That climate is about to get more complex. As has been widely reported, President Donald Trump has expressed his desire to reopen and restart the economy by overriding state and local shutdown orders, if necessary.

Just days ago, the president stated that he believed he "ha[d] the right to" "overrule a governor," on school closures[1] although education is an area that the U.S. Supreme Court has long recognized as "truly local" and governed by the states.[2]

On the morning of April 13, the president tweeted that the "President of the United States & the Federal Government" gets the ultimate decision whether "to open up the states."[3]


And later that day, during the April 13 daily COVID-19 task force briefing, the president reaffirmed his position: "The authority of the President of the United States having to do with the subject we are talking about" — rescinding stay-at-home orders — "is total."[4]

It seems likely that, as time passes and state and local efforts to contain the virus begin to show progress, businesses will be faced with competing and contradictory directives from governmental officials at various levels, some who seek to push forward America's grand reopening and others who believe it more prudent to postpone it.

Consequently, businesses may have to grapple with which orders are effective, which are superseded or overridden, and which are invalid exercises of governmental power. In particular, there is a reasonable possibility that businesses will have to decide whether to continue to abide by state-level shutdown orders, or instead reopen in reliance on a presidential directive rescinding those orders. That decision can carry significant legal liability.[5]

We conclude that an executive order issued by the president at this point in time would likely be found to be legally ineffective to unilaterally override state and local shutdown orders. Congress has not acted by passing legislation that would authorize the exercise of executive powers in this way — nor would any such bill appear likely to pass in the currently composed U.S. House of Representatives and U.S. Senate.

Furthermore, the president likely does not possess independent emergency Article 2 powers that would support such an order. Consequently, we believe that state and local shutdown orders are likely to be adjudged enforceable even in the face of a presidential executive order to the contrary.

President Likely Lacks Independent Authority to Override State and Local Orders Mandating Closure of All Nonessential Businesses

The effect of what we will call a presidential open-for-business order would likely be analyzed under the tripartite Youngstown test.[6]

This examination, applying the analytical framework of U.S. Supreme Court Justice Robert Jackson's concurrence in the seminal case of Youngstown Sheet & Tube Co. v. Sawyer, has been regularly applied in the decades since to determine the validity of exercises of presidential power.[7] And Youngstown itself addressed whether President Harry S. Truman's decision to nationalize parts of America's steel industry during the Korean War was a proper exercise of executive power.
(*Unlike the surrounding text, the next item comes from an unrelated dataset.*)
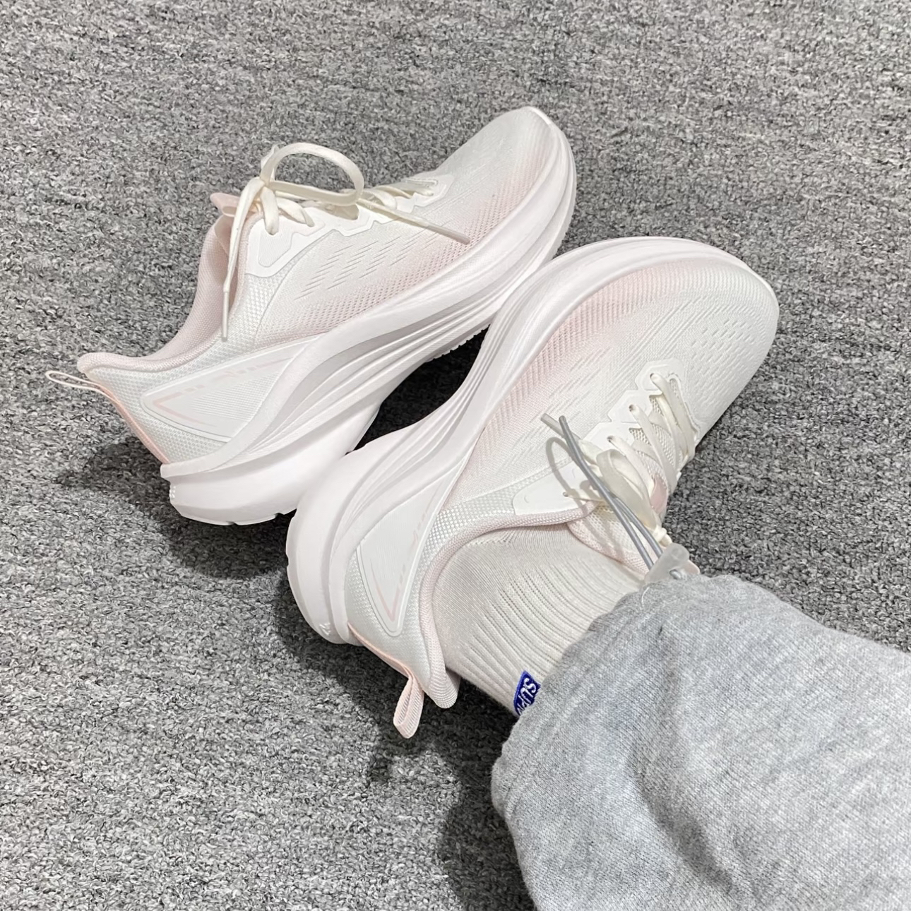 一眼就被这双李宁轻风v3跑步鞋给戳中了 粉嫩嫩的配色我好喜欢~🍃清爽干净 上脚感我觉得也很舒服 中底回弹感很不错 跑步的时候🏃缓震效果很明显 日常搭配也是少女心爆棚滴

The court ultimately rejected Truman's order, holding he lacked power to issue it.

In holding the president had overstepped, the Youngstown court explained that "[t]he president's power, if any, to issue the order must stem from either an act of Congress or from the Constitution itself."[8]

Justice Jackson's concurrence subdivided that statement of presidential power into three categories of analysis — (1) an executive order issued pursuant to statute, which reflects presidential power at its zenith or, as Justice Jackson said, an order that "personif[ies] the federal sovereign;"[9] (2) a presidential executive order issued "in absence of either a congressional grant or denial of authority" that relies only "upon his own independent powers;"[10] and (3) when the president acts contrary to "the expressed or implied will of Congress," rendering his power "at its lowest ebb" and reliant "only upon his constitutional powers minus any constitutional powers of Congress over the matter."[11]
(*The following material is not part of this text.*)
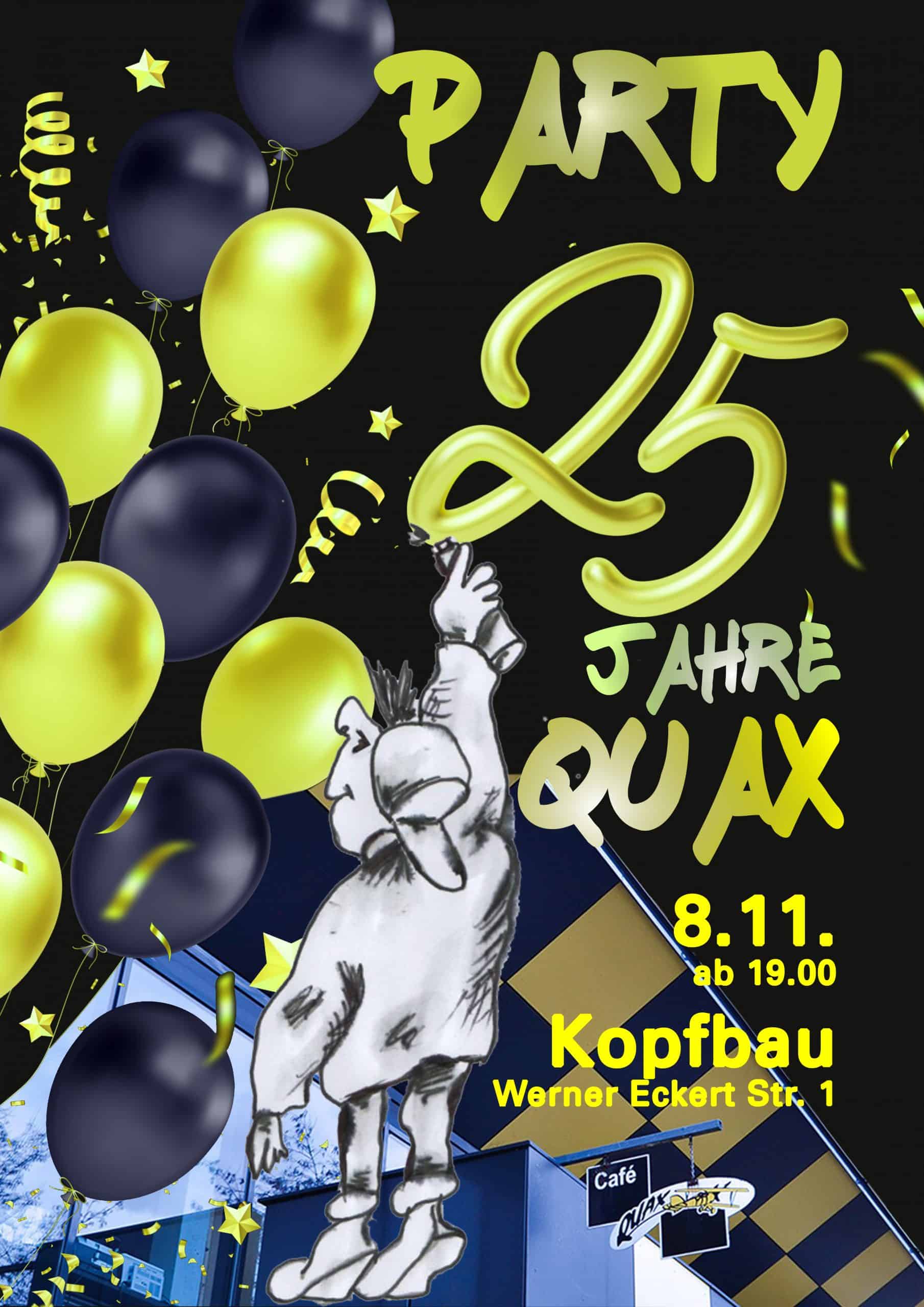 Am Samstag, 8.11.25 ab 19:00 Uhr: Große Geburtstagsparty – 25 Jahre QUAX! Feiert mit uns!

We address each category in turn.

Category One

In the event the president could rely on an act of Congress authorizing him to direct businesses to reopen, such an executive order likely would be found to be operative and supreme over contrary state and local law.[12]

The Constitution provides Congress with the enumerated power to control interstate and foreign commerce.[13] A statute (even if implemented by executive order) that directs the reopening of businesses nationwide to respond to a national economic crisis is very likely a lawful exercise of Congress' commerce powers.
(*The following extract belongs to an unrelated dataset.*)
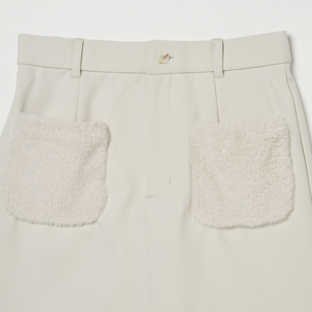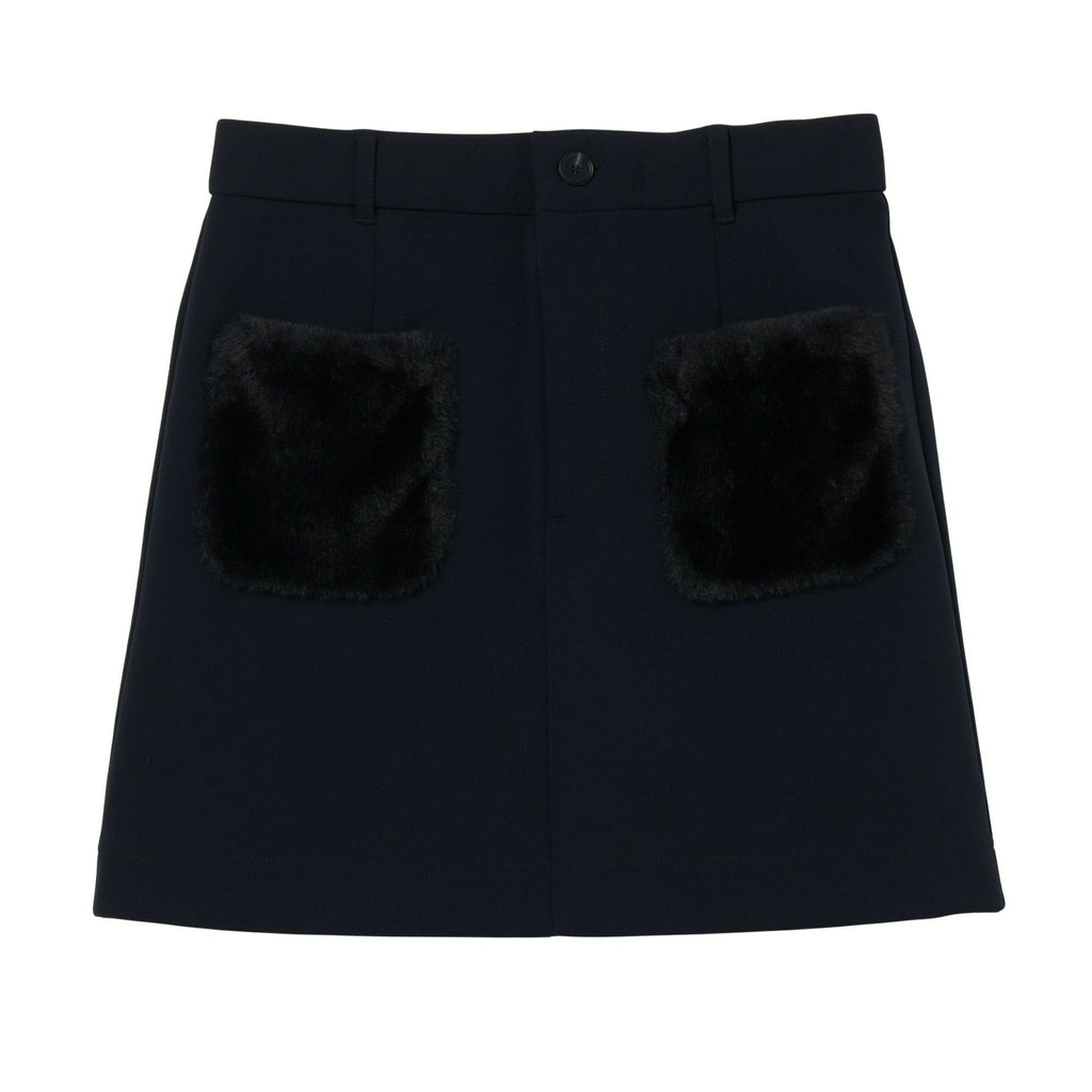 スカート 台形スカート フェイクファーポケットデザイン ストレッチ グログランジャージ素材 裏地付き ロゴ刺繍

Congress has the power to regulate even "purely local activities that are part of an economic 'class of activities' that have a substantial effect on interstate commerce."[14]

We expect that state and local orders compelling the mass closure of businesses in states across the country — including businesses that plainly fall within the stream of interstate commerce — and the nationwide recession and double-digit unemployment that has since occurred, would qualify as a "substantial effect on interstate commerce."

However, we have identified no existing statute pursuant to which the president could issue an executive order requiring businesses to reopen notwithstanding state and local laws to the contrary.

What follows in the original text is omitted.